## EXERCISE AIM:
Stop after the line with "Σχολικό εγχειρίδιο Άλγεβρας". Up to that point, output every line of the listing below exactly from the first one onward, skipping pictures.

## RAW DATA:
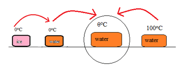 Since, Q2 > Q1, all ice melts, and the resulting temperature rises to [latex]\theta^oC[/latex]
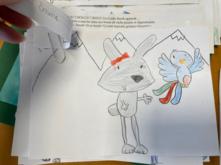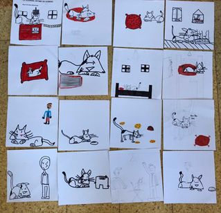Puis les élèves vont être les illustrateurs et illustratrices: je lis une histoire aux élèves, adaptée à leur âge, je leur donne ensuite à chacun une partie de l'histoire qu'ils vont illustrer. Je dessine au tableau les personnages, les expressions, les objets utiles à l'histoire, puis les élèves vont à leur place et commencent leurs dessins. Je circule dans la classe et aide les enfants si besoin. Une fois les dessins au crayon validés ils les mettent en couleurs.
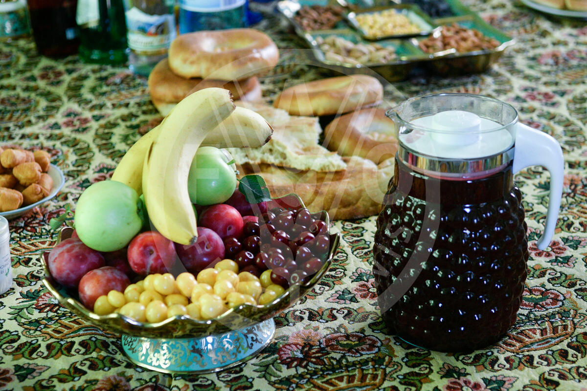 29 May 2019, Dusti, Tajikistan - Fruit, fruit compote, bread and other snacks served at a rural family's home in Tajikistan.
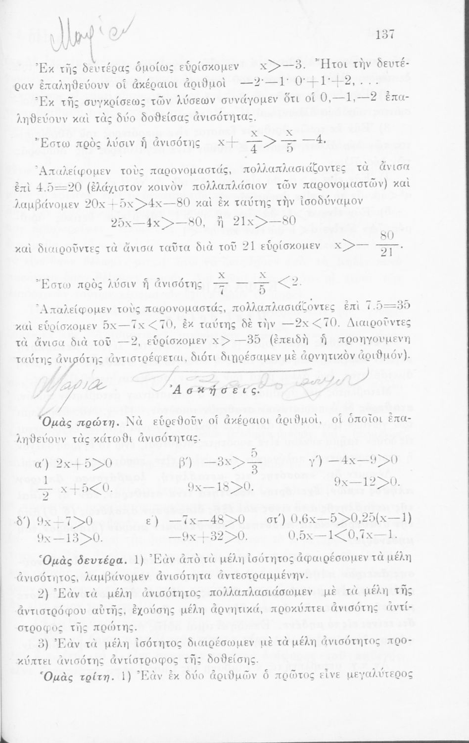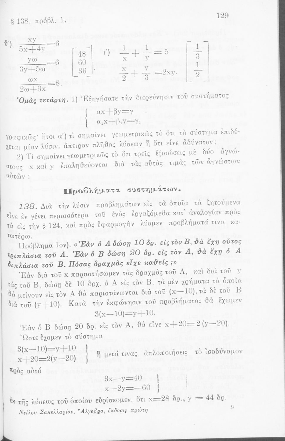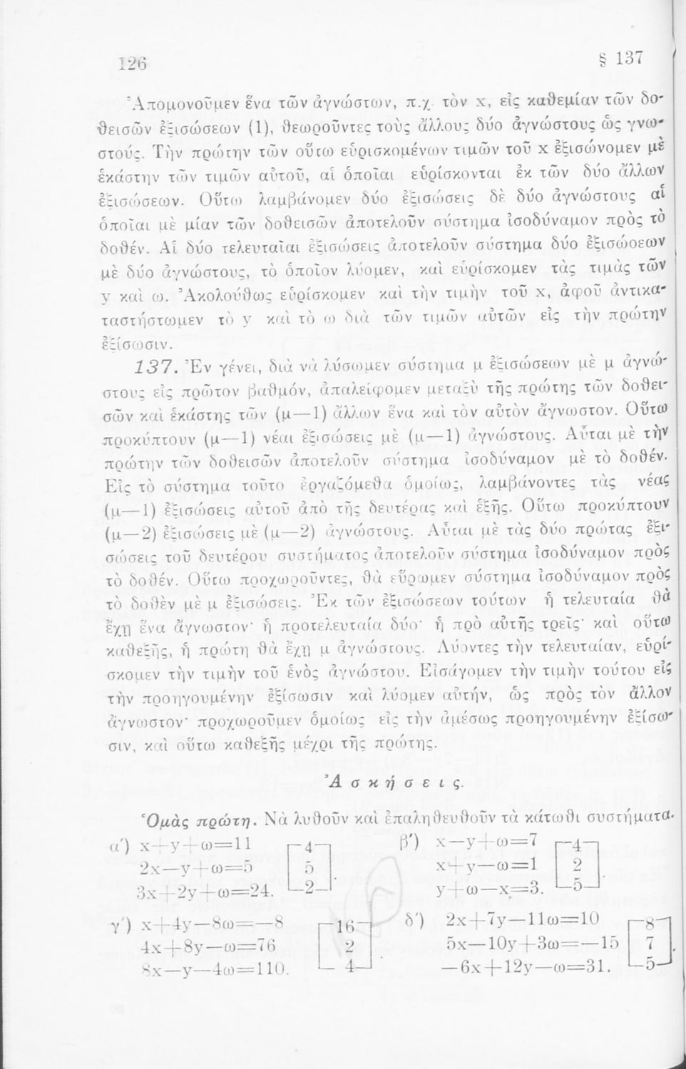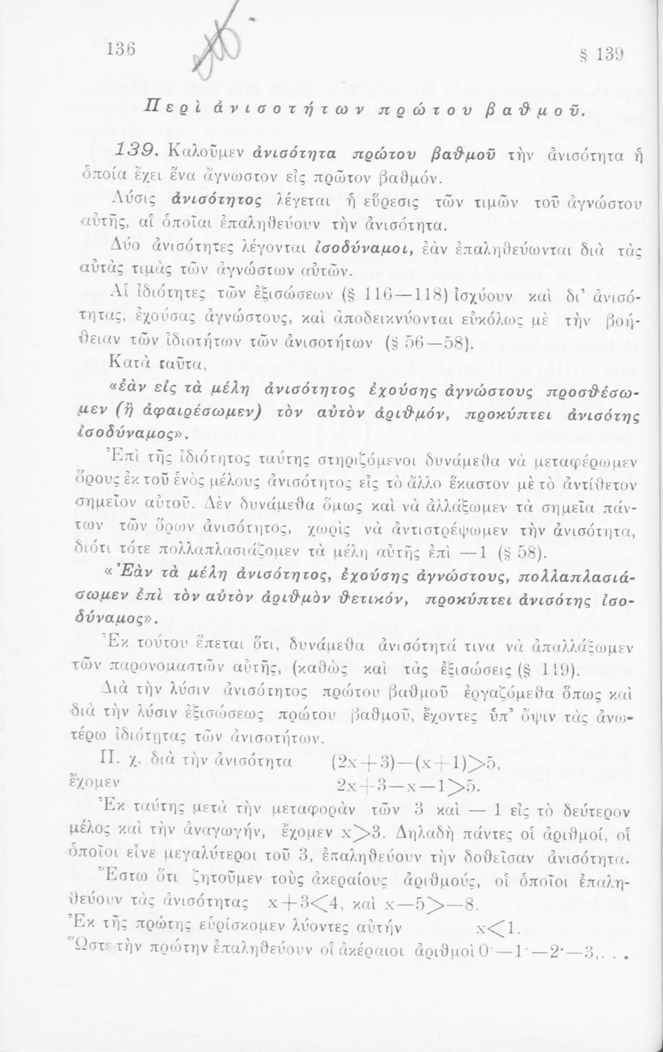 Σχολικό εγχειρίδιο Άλγεβρας για τα Γυμνάσια χωρισμένο σε θεωρία και ασκήσεις. Ο συγγραφέας ήταν καθηγητής στο Πανεπιστήμιο Αθηνών.
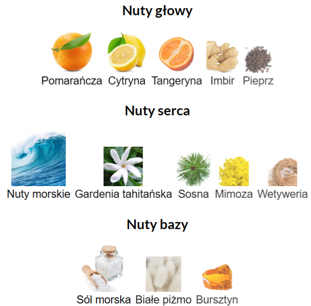 W sercu zapachu wyczuwalne są morskie niuanse, przywodzące na myśl delikatną bryzę znad wybrzeża, harmonijnie połączone z kwiatowymi akcentami gardenii tahitańskiej i mimozy. Całość dopełnia obecność nut drzewnych, takich jak sosna i wetyweria, które dodają naturalnej głębi i struktury. Baza zbudowana jest z soli morskiej, ambroksanu i białego piżma, co sprawia, że kompozycja długo utrzymuje się na skórze i ma eleganckie, czyste wybrzmienie.

## RESPONSE AREA:
 Since, Q2 > Q1, all ice melts, and the resulting temperature rises to [latex]\theta^oC[/latex]
Puis les élèves vont être les illustrateurs et illustratrices: je lis une histoire aux élèves, adaptée à leur âge, je leur donne ensuite à chacun une partie de l'histoire qu'ils vont illustrer. Je dessine au tableau les personnages, les expressions, les objets utiles à l'histoire, puis les élèves vont à leur place et commencent leurs dessins. Je circule dans la classe et aide les enfants si besoin. Une fois les dessins au crayon validés ils les mettent en couleurs.
 29 May 2019, Dusti, Tajikistan - Fruit, fruit compote, bread and other snacks served at a rural family's home in Tajikistan.
 Σχολικό εγχειρίδιο Άλγεβρας για τα Γυμνάσια χωρισμένο σε θεωρία και ασκήσεις. Ο συγγραφέας ήταν καθηγητής στο Πανεπιστήμιο Αθηνών.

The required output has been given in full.